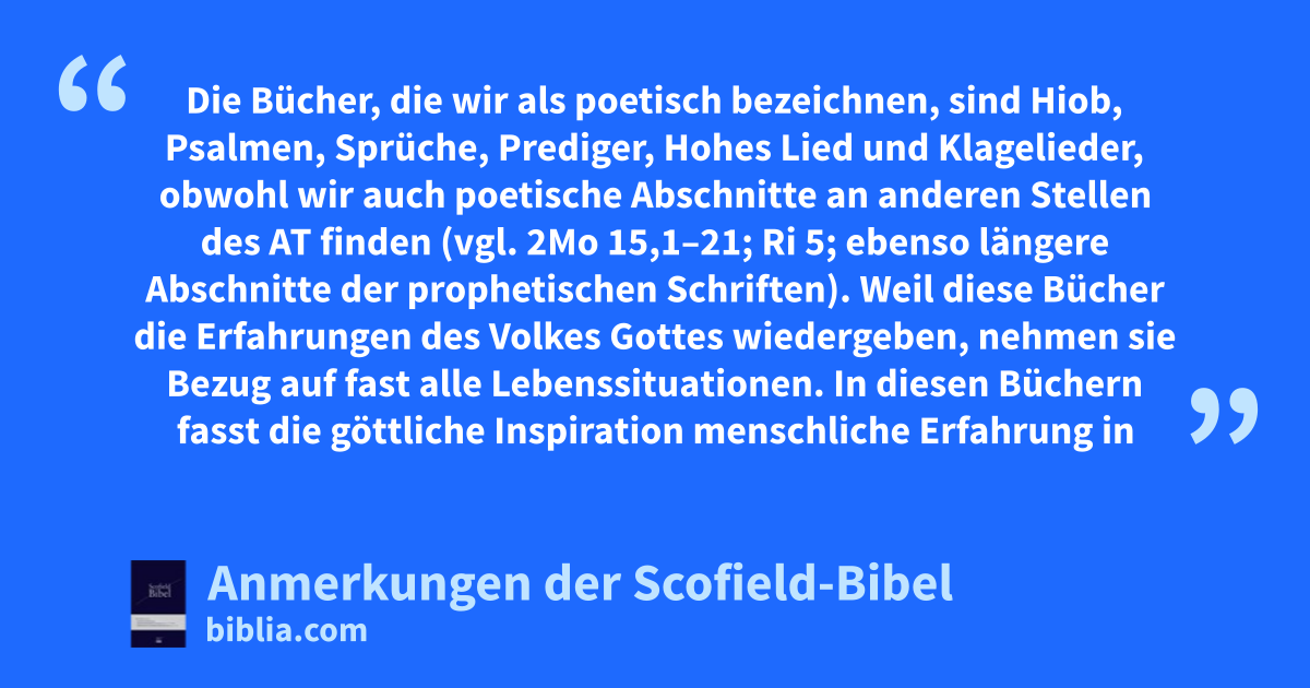 Die Bücher, die wir als poetisch bezeichnen, sind Hiob, Psalmen, Sprüche, Prediger, Hohes Lied und Klagelieder, obwohl wir auch poetische Abschnitte an anderen Stellen des AT finden (vgl. 2Mo 15,1–21; Ri 5; ebenso längere Abschnitte der prophetischen Schriften). Weil diese Bücher die Erfahrungen des Volkes Gottes wiedergeben, nehmen sie Bezug auf fast alle Lebenssituationen. In diesen Büchern fasst die göttliche Inspiration menschliche Erfahrung in eine allgemeine Wahrheit, die zahllosen Gläubigen zu allen Zeiten Trost, Kraft und Wegweisung gegeben hat.
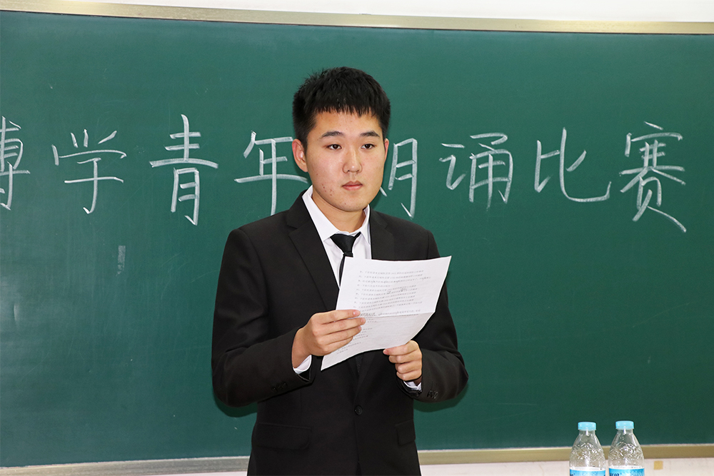 经过初赛、复赛的层层选拔,最终决出21名选手会师决赛。首先登台的一号选手任晓飞朗诵《再别康桥》,他轻盈柔和的语调感染了在场的观众,优美的节奏像涟漪般荡漾开来,仿佛置身于黄昏下的康桥,让人回味无穷。三号选手李满芳抑扬顿挫、一气呵成,将脍炙人口的《木兰诗》演绎的淋漓尽致,赢得台下掌声不断。“先天下之忧而忧,后天下之乐而乐”,七号选手杜学隆一首《岳阳楼记》,语调振起、情辞激昂,仿佛道出了山水楼观背后,文正公那坚守理想、心怀天下的一生节概。十号选手程颖,为大家朗诵铭文《陋室铭》,单纯、简练、清新的声音,勾勒出闲雅别致的陋室,朗诵已罢,余韵悠长。十三号选手刘家乐朗诵的《我用残损的手掌》铿将有力,残缺、悲剧、崇高的异样美感吸引了在场所有观众。最终,经过评委们的综合评判,任晓飞、李满芳、耿心愉、刘家乐四位选手脱颖而出,赢得本次朗诵比赛。
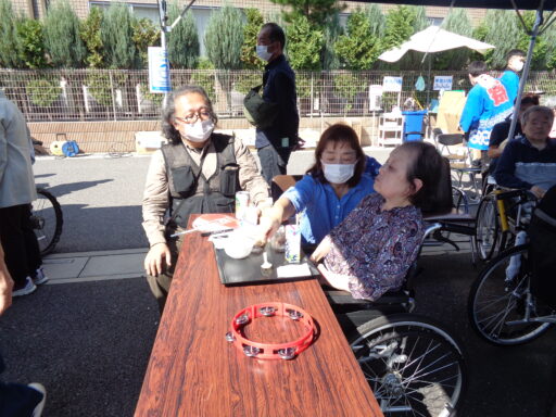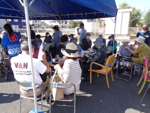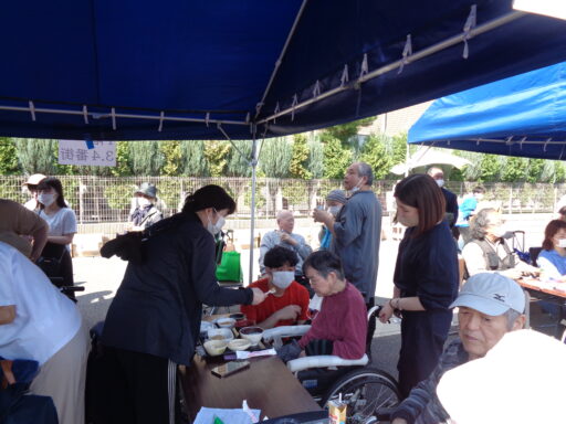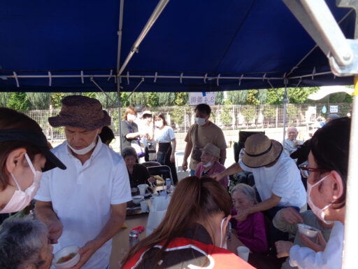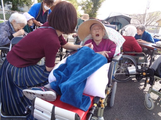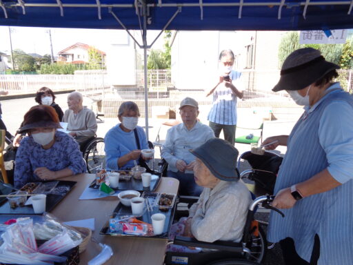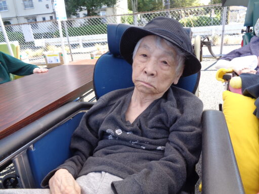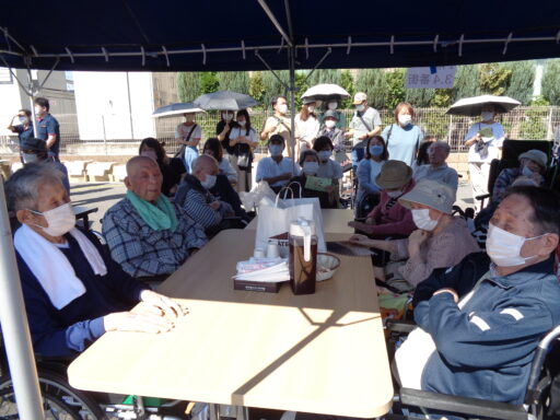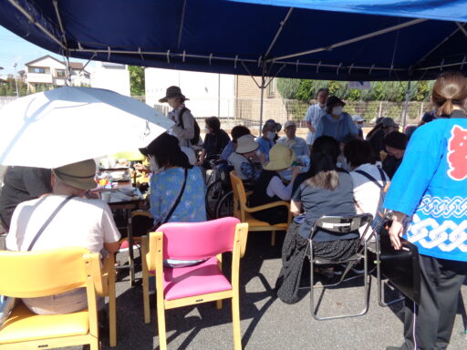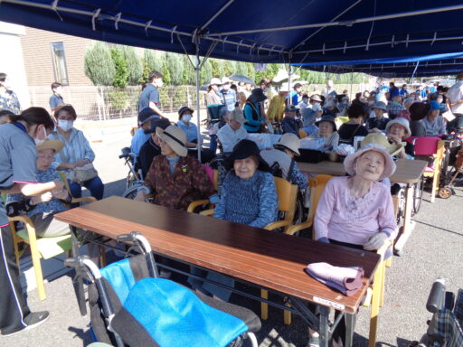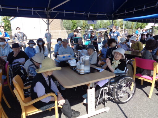 日差しが強い為、入居者様は帽子を被り、テント内からの参加となりました。
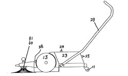 | 40 | 實用新型 | 手推式掃地車 | 一種手推式掃地車,它屬于一種掃地工具,尤其是一種人力手推、機械運動對地面進行清掃的手推式掃地車。本實用新型旨在解決現(xiàn)有清掃工具各自存在的適用范圍窄、成本昂貴、耗費人力、清掃效果差的缺陷,其技術(shù)方案是:該掃地車包括機殼(28)、扶手(29)、垃圾存儲箱(23)、主動滾輪(13)、滾刷(14、15),滾刷(14、15)位于機殼(28)內(nèi),滾刷軸與位于其兩側(cè)的主動滾輪(13) 軸齒連接,主動滾輪(13)的轉(zhuǎn)動帶動滾刷(14、15)運轉(zhuǎn),垃圾存儲箱(23)位于滾刷(15)后方,為增強清掃效果在機殼前方還設(shè)置有一對向內(nèi)旋轉(zhuǎn)的盤刷。 | ![]() |
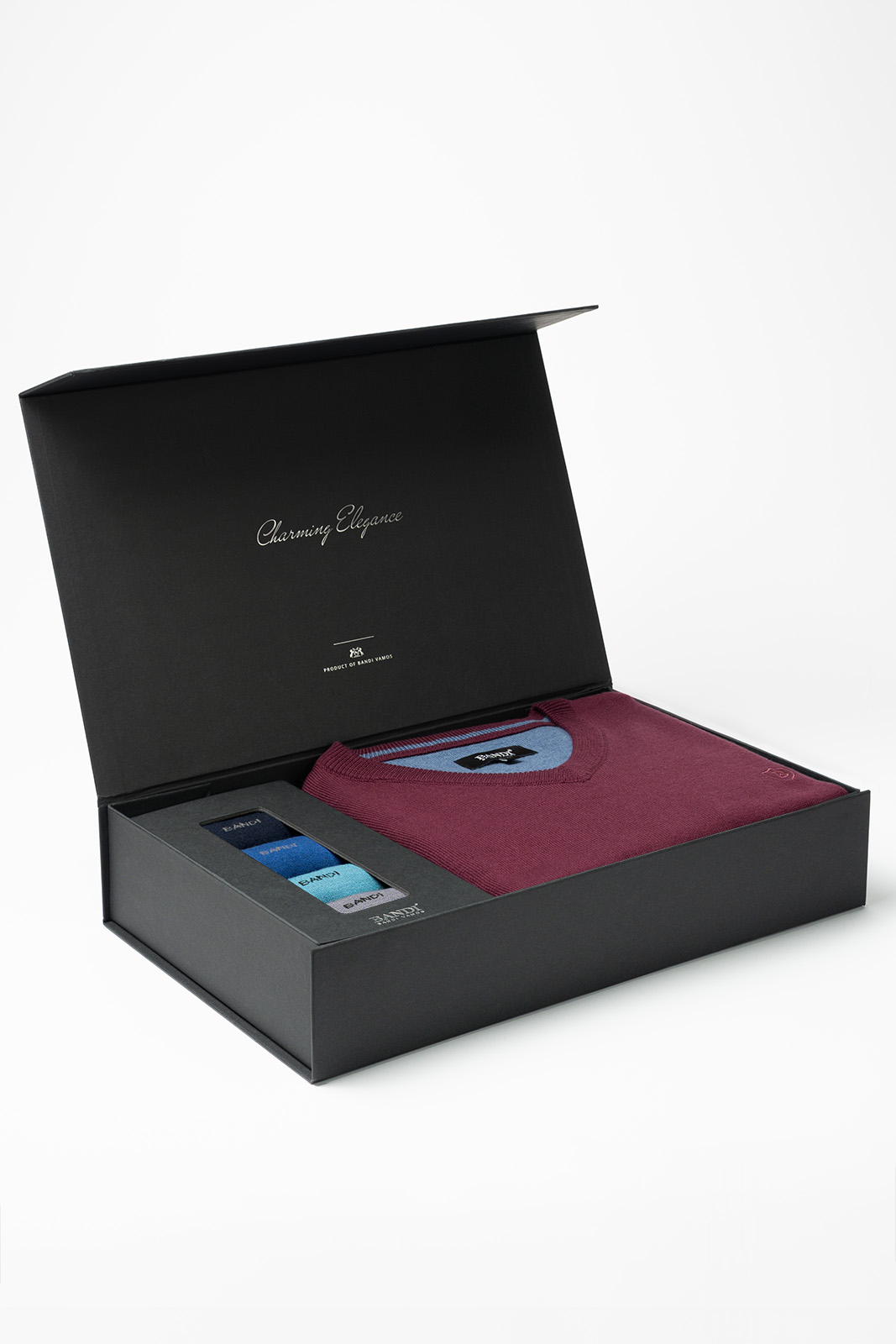 Set pánskeho svetra MARCELIO Marsala a ponožiek v darčekovom boxe

YOUR GOAL → Reproduce nothing but the lines that run from the line containing "日差しが強い為、入居者様は帽子を被り、テント内からの参加となりました。" through the last line of the records, inclusive. Omit the pictures.

RESPONSE TO THIS TASK →
 日差しが強い為、入居者様は帽子を被り、テント内からの参加となりました。
 | 40 | 實用新型 | 手推式掃地車 | 一種手推式掃地車,它屬于一種掃地工具,尤其是一種人力手推、機械運動對地面進行清掃的手推式掃地車。本實用新型旨在解決現(xiàn)有清掃工具各自存在的適用范圍窄、成本昂貴、耗費人力、清掃效果差的缺陷,其技術(shù)方案是:該掃地車包括機殼(28)、扶手(29)、垃圾存儲箱(23)、主動滾輪(13)、滾刷(14、15),滾刷(14、15)位于機殼(28)內(nèi),滾刷軸與位于其兩側(cè)的主動滾輪(13) 軸齒連接,主動滾輪(13)的轉(zhuǎn)動帶動滾刷(14、15)運轉(zhuǎn),垃圾存儲箱(23)位于滾刷(15)后方,為增強清掃效果在機殼前方還設(shè)置有一對向內(nèi)旋轉(zhuǎn)的盤刷。 | ![]() |
 Set pánskeho svetra MARCELIO Marsala a ponožiek v darčekovom boxe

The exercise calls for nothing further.